Poverty from Workhouse to the Welfare State.

 In 1909 Beatrice Webb produced a controversial report which proposed abolishing the stigma and penury of the Poor Law and its workhouses. James Gregory argues that this plea for a less judgemental approach to poverty created the foundations of the modern Welfare State.

Part of Booth's map of Whitechapel 1889. The red areas are "well-to-do"; the black areas are "semi-criminal".In the late 1880s, the great social investigator Charles Booth (1840-1916) set about mapping the streets of London, with the assistance of his researcher, radical reformer Beatrice Webb (1858-1943). Booth's aim was to understand the extent and causes of the great concentrations of poverty that had arisen in Victorian London. What he found shocked him: a 'submerged tenth', a 'population sodden with drink, steeped in vice, eaten up by every social and physical malady'.

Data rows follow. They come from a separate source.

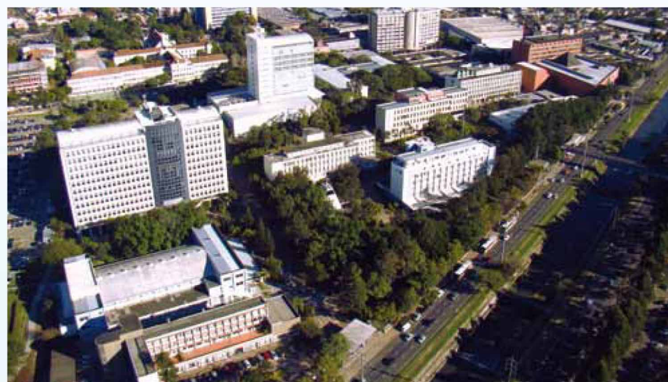
► Campus PUCRS 2010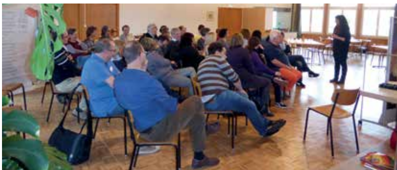
Kirchentagung in Hüntwangen

Unter Leitung einer Moderatorin befassten sie sich mit Möglichkeiten der regionalen Zusammenarbeit, und werden als erstes ein gemeinsames Projekt im Bereich der Jugendarbeit planen, sowie regelmässige regionale Treffen der jeweiligen Ressortverantwortlichen. Erste ermutigende Schritte auf einem längeren Weg.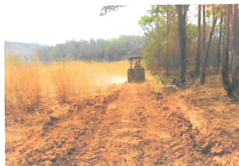
ทำทางตรวจการ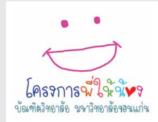
โครงการหัวใจหัวใจ บัณฑิตวิทยาลัย ๓๔ ปี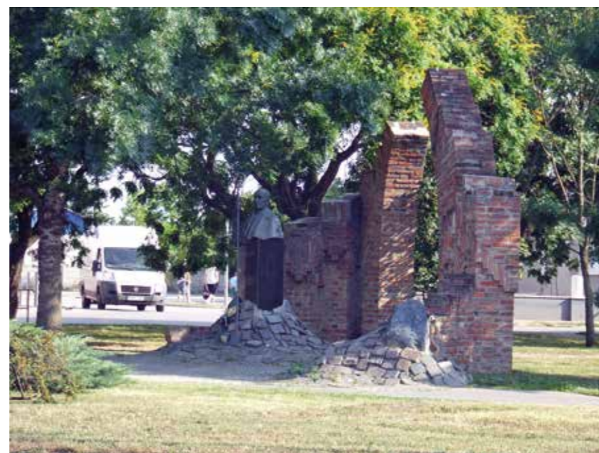
▲ Mindszenty-emlékhely, Törökszentmiklós, 1998

ben lebontott utcasorokról, épületekről. Azzal szembesültem, hogy már sok eltűnt közülük. Elindultam egy úton. Próbáltam beépítési terveket készíttetni meghatározó területekre. Létrehoztam egy rendeletet a helyi épített örökségünk védelméről. Az önkormányzat pályázatból felújított egy szecessziós polgári házat. Elindítottam az új települési rendezési terv előkészítését. De nem találtam a közös hangot az akkori polgármesterrel, így a 2002-es önkormányzati választások után, mivel ismét bizalmat kapott a választóktól, felmondtam a főépítési megbízást. Közel öt év szünet után, 2007 elején kért fel ismét főépítésznek az akkor új polgármester, és egészen 2014 nyaráig végezhettem szülővárosomban ezt a munkát. Ez a második ciklus már egészen másról szólt, mint az első két év. Bár ebben az időszakban is megtapasztaltam, hogy a politikai akarat nem hagyatkozik feltétlenül az építészeti érvekre, de türelmesebb voltam, mint korábban. Ekkor lehetőséget kaptam Tervtanács működtetésére is. Később azonban a képviselő-testülettel nem kaptunk forrást a működéshez, így a Tervtanács feloszlott. Erre az időszakra esett az Európai Unió 2007–2014-es fejlesztési ciklusa. Sikertelenül olyan pályázatokat megnyerni és a

Today, a hundred years later, official and learned discussions about the poor no longer refer to a 'social residuum'; one of the many memorable phrases attributed to Booth. But the anxiety and imagery that his findings evoked remain potent. It is difficult to pick up a tabloid newspaper and not find almost exactly the same description, not of a submerged tenth perhaps, but of an 'underclass' of 'feckless scroungers' (Sunday Express, March 19th, 2008), with drugs added to the Victorian mix of drink and vice.